Repeat each entry as written, dropping any picture you find.

Content starts

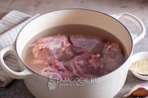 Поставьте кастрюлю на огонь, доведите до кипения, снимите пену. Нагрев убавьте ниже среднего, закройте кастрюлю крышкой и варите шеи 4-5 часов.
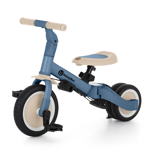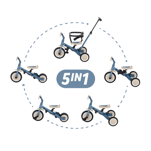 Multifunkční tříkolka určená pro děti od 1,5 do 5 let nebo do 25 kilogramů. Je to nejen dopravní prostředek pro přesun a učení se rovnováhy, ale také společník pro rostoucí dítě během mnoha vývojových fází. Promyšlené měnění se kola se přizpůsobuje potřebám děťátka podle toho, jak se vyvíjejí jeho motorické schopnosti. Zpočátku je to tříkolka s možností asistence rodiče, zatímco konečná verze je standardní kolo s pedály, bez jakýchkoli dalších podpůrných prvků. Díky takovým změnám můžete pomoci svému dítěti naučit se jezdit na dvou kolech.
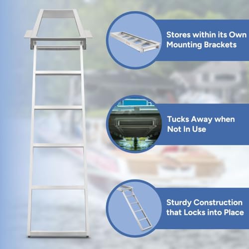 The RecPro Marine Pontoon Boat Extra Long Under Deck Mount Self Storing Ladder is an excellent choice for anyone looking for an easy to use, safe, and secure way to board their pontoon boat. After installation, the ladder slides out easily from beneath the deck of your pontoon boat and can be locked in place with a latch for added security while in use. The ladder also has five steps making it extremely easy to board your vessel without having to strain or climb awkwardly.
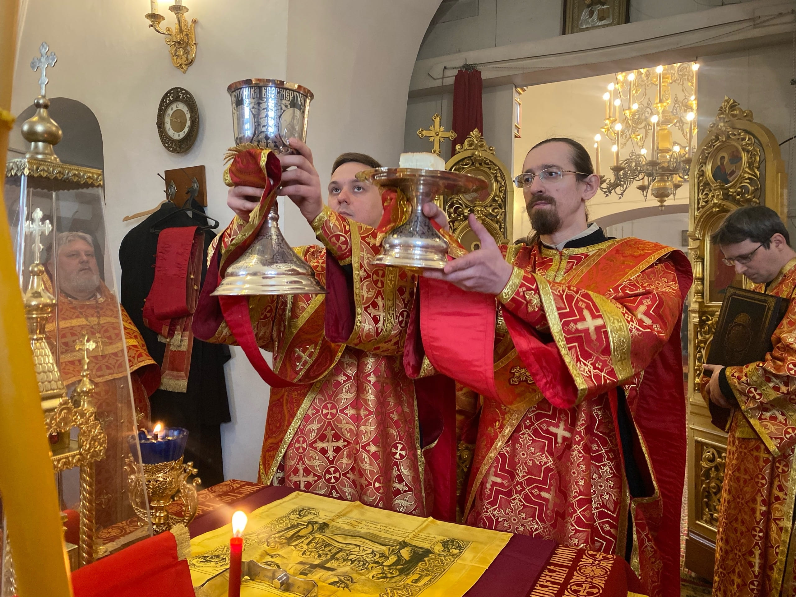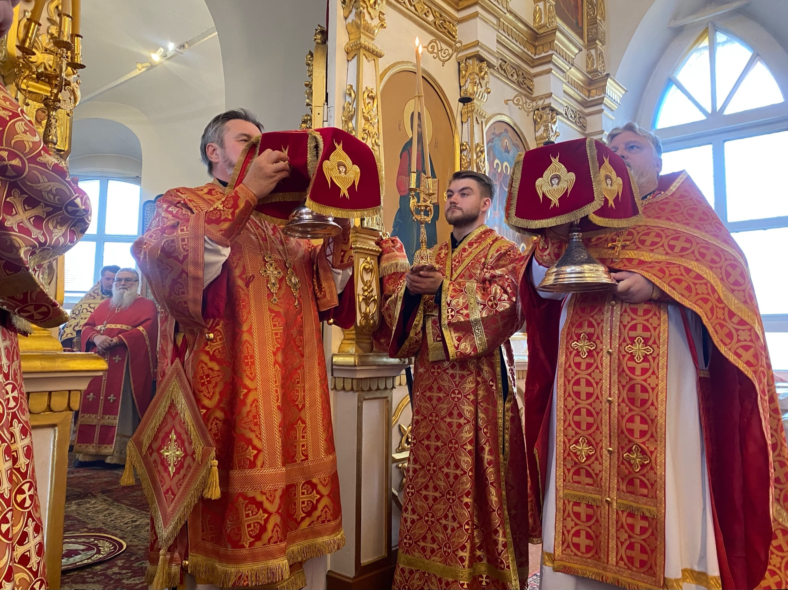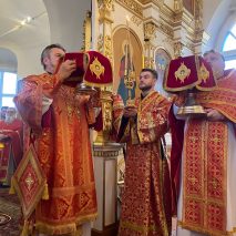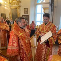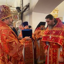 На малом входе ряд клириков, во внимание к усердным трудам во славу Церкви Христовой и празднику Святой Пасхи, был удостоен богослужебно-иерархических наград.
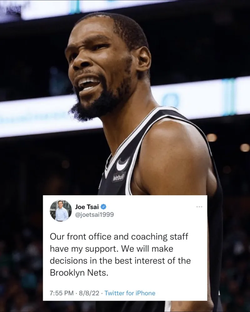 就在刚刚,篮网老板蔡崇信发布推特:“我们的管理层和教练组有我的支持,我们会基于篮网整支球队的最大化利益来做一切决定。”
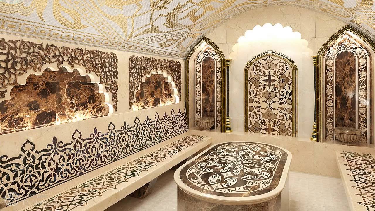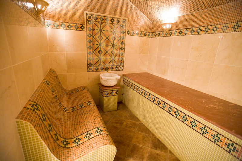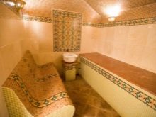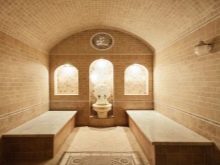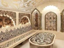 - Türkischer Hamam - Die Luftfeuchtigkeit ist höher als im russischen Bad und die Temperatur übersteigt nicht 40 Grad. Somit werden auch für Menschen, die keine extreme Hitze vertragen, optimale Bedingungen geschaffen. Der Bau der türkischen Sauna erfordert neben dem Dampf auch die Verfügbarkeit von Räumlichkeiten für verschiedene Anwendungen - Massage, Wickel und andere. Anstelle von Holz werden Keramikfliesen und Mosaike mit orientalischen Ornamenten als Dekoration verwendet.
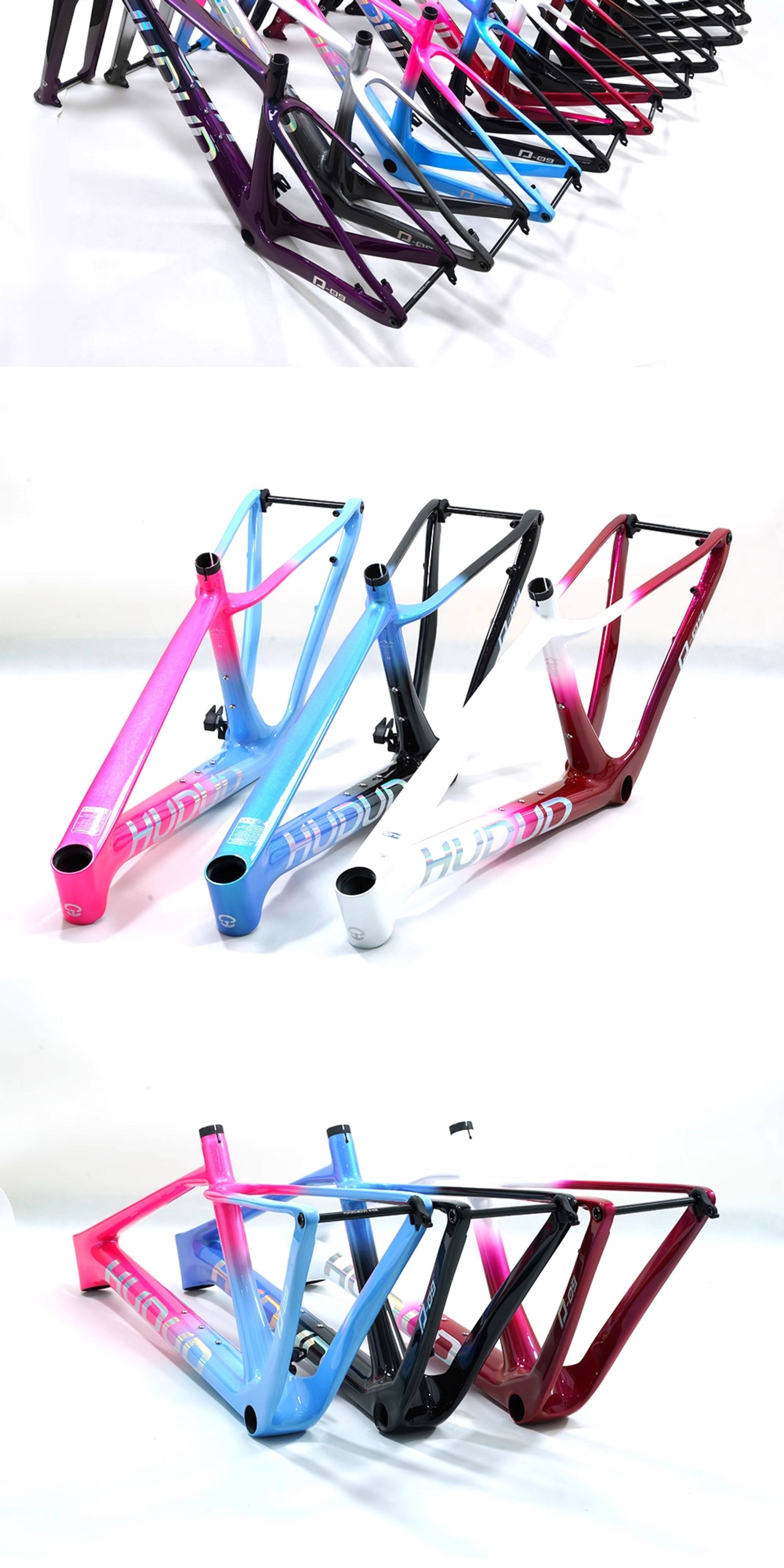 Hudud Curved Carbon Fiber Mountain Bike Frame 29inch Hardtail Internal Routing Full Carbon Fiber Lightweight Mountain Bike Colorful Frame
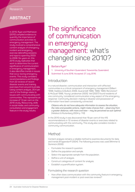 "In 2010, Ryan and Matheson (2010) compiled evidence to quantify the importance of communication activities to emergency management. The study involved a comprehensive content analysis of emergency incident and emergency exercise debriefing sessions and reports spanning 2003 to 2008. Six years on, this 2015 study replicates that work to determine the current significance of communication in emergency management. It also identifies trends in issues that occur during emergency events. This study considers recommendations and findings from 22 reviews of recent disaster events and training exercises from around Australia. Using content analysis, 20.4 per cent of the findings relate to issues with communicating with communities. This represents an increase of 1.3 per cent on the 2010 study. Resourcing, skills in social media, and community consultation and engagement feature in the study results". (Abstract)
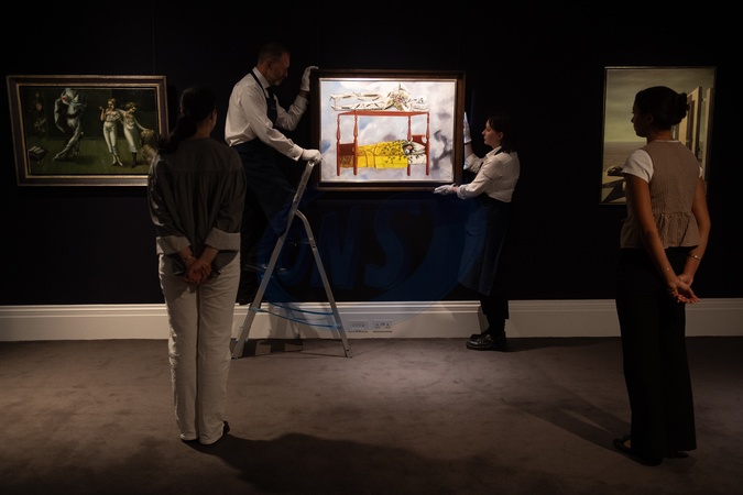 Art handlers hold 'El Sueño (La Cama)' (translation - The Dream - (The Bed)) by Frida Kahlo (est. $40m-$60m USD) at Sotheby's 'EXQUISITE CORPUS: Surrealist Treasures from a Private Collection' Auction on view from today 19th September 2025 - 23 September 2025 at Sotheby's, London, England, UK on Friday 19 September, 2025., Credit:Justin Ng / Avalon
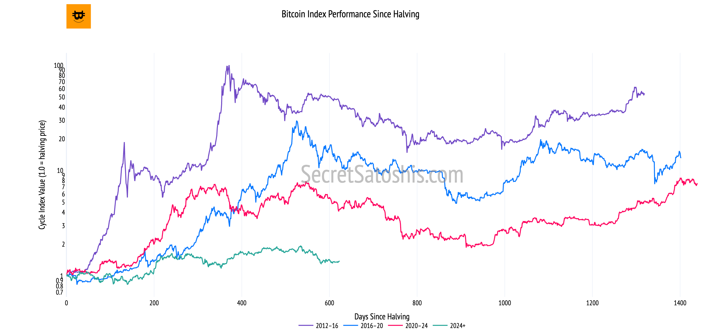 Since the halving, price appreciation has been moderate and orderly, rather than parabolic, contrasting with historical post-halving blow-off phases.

Content ends

__RESPONSE AREA__:
 Поставьте кастрюлю на огонь, доведите до кипения, снимите пену. Нагрев убавьте ниже среднего, закройте кастрюлю крышкой и варите шеи 4-5 часов.
 Multifunkční tříkolka určená pro děti od 1,5 do 5 let nebo do 25 kilogramů. Je to nejen dopravní prostředek pro přesun a učení se rovnováhy, ale také společník pro rostoucí dítě během mnoha vývojových fází. Promyšlené měnění se kola se přizpůsobuje potřebám děťátka podle toho, jak se vyvíjejí jeho motorické schopnosti. Zpočátku je to tříkolka s možností asistence rodiče, zatímco konečná verze je standardní kolo s pedály, bez jakýchkoli dalších podpůrných prvků. Díky takovým změnám můžete pomoci svému dítěti naučit se jezdit na dvou kolech.
 The RecPro Marine Pontoon Boat Extra Long Under Deck Mount Self Storing Ladder is an excellent choice for anyone looking for an easy to use, safe, and secure way to board their pontoon boat. After installation, the ladder slides out easily from beneath the deck of your pontoon boat and can be locked in place with a latch for added security while in use. The ladder also has five steps making it extremely easy to board your vessel without having to strain or climb awkwardly.
 На малом входе ряд клириков, во внимание к усердным трудам во славу Церкви Христовой и празднику Святой Пасхи, был удостоен богослужебно-иерархических наград.
 就在刚刚,篮网老板蔡崇信发布推特:“我们的管理层和教练组有我的支持,我们会基于篮网整支球队的最大化利益来做一切决定。”
 - Türkischer Hamam - Die Luftfeuchtigkeit ist höher als im russischen Bad und die Temperatur übersteigt nicht 40 Grad. Somit werden auch für Menschen, die keine extreme Hitze vertragen, optimale Bedingungen geschaffen. Der Bau der türkischen Sauna erfordert neben dem Dampf auch die Verfügbarkeit von Räumlichkeiten für verschiedene Anwendungen - Massage, Wickel und andere. Anstelle von Holz werden Keramikfliesen und Mosaike mit orientalischen Ornamenten als Dekoration verwendet.
 Hudud Curved Carbon Fiber Mountain Bike Frame 29inch Hardtail Internal Routing Full Carbon Fiber Lightweight Mountain Bike Colorful Frame
 "In 2010, Ryan and Matheson (2010) compiled evidence to quantify the importance of communication activities to emergency management. The study involved a comprehensive content analysis of emergency incident and emergency exercise debriefing sessions and reports spanning 2003 to 2008. Six years on, this 2015 study replicates that work to determine the current significance of communication in emergency management. It also identifies trends in issues that occur during emergency events. This study considers recommendations and findings from 22 reviews of recent disaster events and training exercises from around Australia. Using content analysis, 20.4 per cent of the findings relate to issues with communicating with communities. This represents an increase of 1.3 per cent on the 2010 study. Resourcing, skills in social media, and community consultation and engagement feature in the study results". (Abstract)
 Art handlers hold 'El Sueño (La Cama)' (translation - The Dream - (The Bed)) by Frida Kahlo (est. $40m-$60m USD) at Sotheby's 'EXQUISITE CORPUS: Surrealist Treasures from a Private Collection' Auction on view from today 19th September 2025 - 23 September 2025 at Sotheby's, London, England, UK on Friday 19 September, 2025., Credit:Justin Ng / Avalon
 Since the halving, price appreciation has been moderate and orderly, rather than parabolic, contrasting with historical post-halving blow-off phases.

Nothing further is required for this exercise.